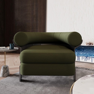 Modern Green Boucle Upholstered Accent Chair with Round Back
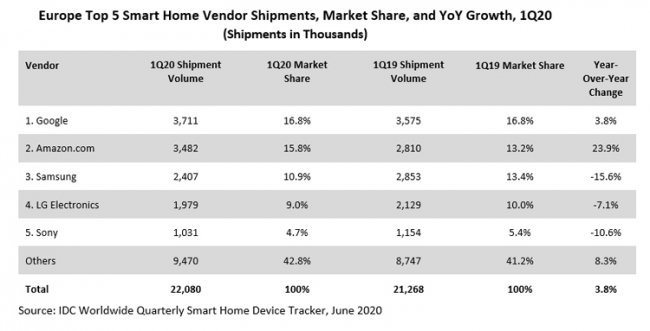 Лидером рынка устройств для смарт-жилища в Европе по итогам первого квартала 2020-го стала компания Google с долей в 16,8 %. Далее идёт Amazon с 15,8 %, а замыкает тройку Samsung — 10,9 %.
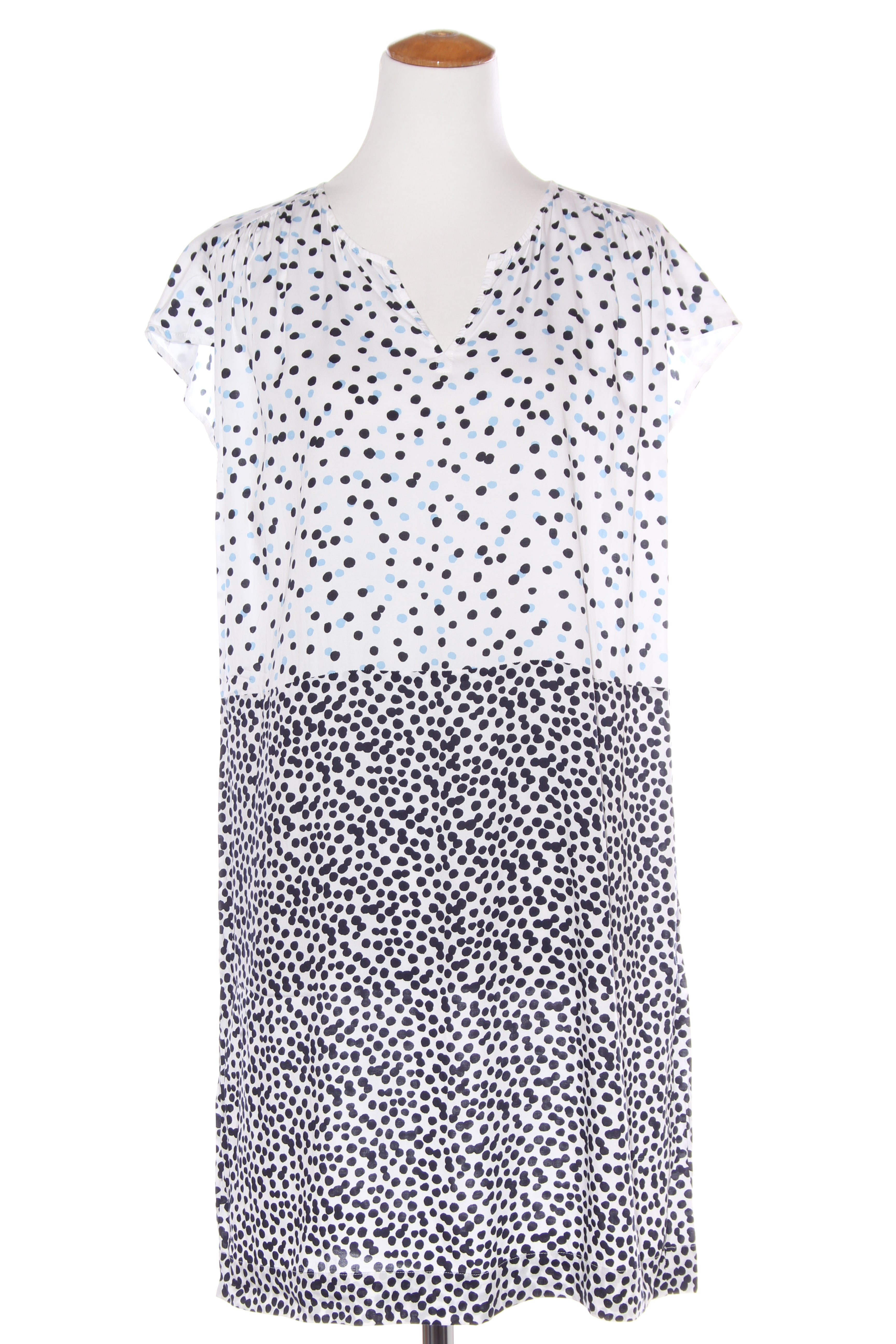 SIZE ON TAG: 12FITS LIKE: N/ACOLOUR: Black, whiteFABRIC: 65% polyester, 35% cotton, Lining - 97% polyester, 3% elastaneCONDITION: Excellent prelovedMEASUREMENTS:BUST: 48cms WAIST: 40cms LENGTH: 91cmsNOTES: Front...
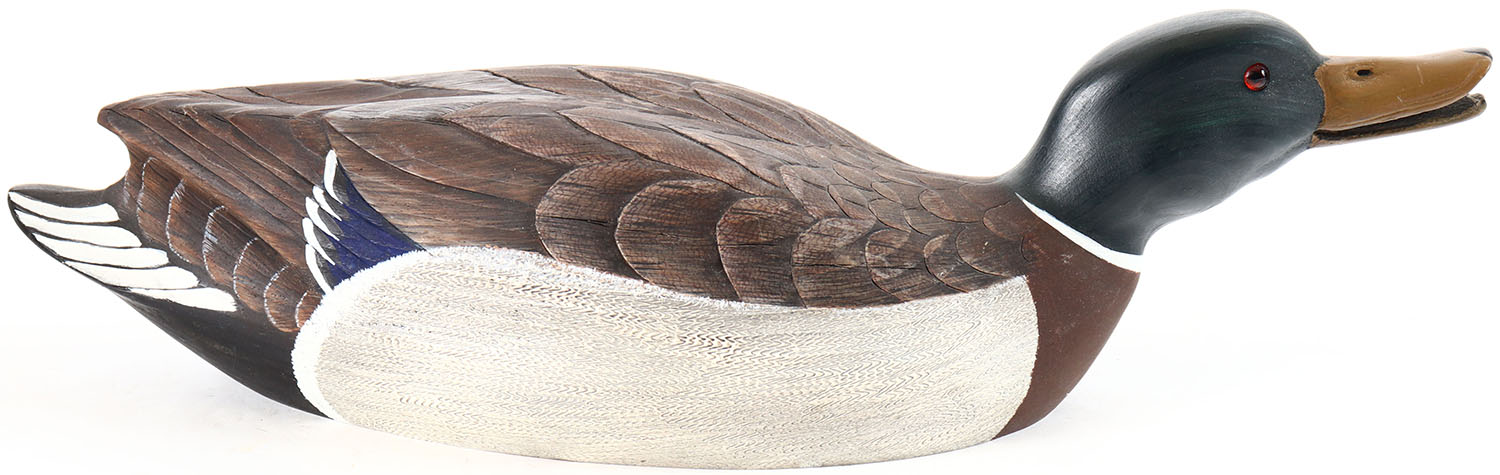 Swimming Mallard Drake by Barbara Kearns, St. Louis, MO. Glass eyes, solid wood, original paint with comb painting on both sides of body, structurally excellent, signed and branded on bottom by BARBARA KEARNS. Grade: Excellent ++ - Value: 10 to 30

* * *

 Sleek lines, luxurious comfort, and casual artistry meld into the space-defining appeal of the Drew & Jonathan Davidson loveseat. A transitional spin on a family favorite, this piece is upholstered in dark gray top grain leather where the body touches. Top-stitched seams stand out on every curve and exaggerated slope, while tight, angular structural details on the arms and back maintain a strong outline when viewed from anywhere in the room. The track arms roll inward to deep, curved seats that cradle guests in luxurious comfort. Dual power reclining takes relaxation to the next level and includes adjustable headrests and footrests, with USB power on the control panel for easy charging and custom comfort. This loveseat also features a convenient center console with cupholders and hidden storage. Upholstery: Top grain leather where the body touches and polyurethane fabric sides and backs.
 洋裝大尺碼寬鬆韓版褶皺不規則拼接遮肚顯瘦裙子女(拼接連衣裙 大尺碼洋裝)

==

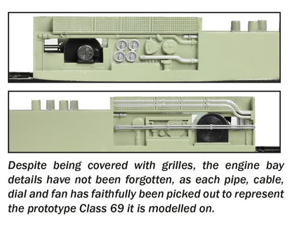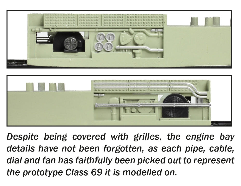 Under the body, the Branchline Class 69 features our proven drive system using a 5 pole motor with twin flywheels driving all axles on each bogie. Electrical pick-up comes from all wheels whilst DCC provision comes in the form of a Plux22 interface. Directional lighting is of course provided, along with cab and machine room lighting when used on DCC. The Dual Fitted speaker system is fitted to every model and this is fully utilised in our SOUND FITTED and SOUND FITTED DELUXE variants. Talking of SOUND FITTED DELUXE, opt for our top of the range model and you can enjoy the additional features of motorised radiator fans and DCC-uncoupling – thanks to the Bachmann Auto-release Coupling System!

== Work to complete ==
Using the data above, copy exactly the lines from the one containing "Лидером рынка устройств" to the one containing "Swimming Mallard Drake", inclusive. Exclude the pictures.

== Output for this exercise ==
 Лидером рынка устройств для смарт-жилища в Европе по итогам первого квартала 2020-го стала компания Google с долей в 16,8 %. Далее идёт Amazon с 15,8 %, а замыкает тройку Samsung — 10,9 %.
 SIZE ON TAG: 12FITS LIKE: N/ACOLOUR: Black, whiteFABRIC: 65% polyester, 35% cotton, Lining - 97% polyester, 3% elastaneCONDITION: Excellent prelovedMEASUREMENTS:BUST: 48cms WAIST: 40cms LENGTH: 91cmsNOTES: Front...
 Swimming Mallard Drake by Barbara Kearns, St. Louis, MO. Glass eyes, solid wood, original paint with comb painting on both sides of body, structurally excellent, signed and branded on bottom by BARBARA KEARNS. Grade: Excellent ++ - Value: 10 to 30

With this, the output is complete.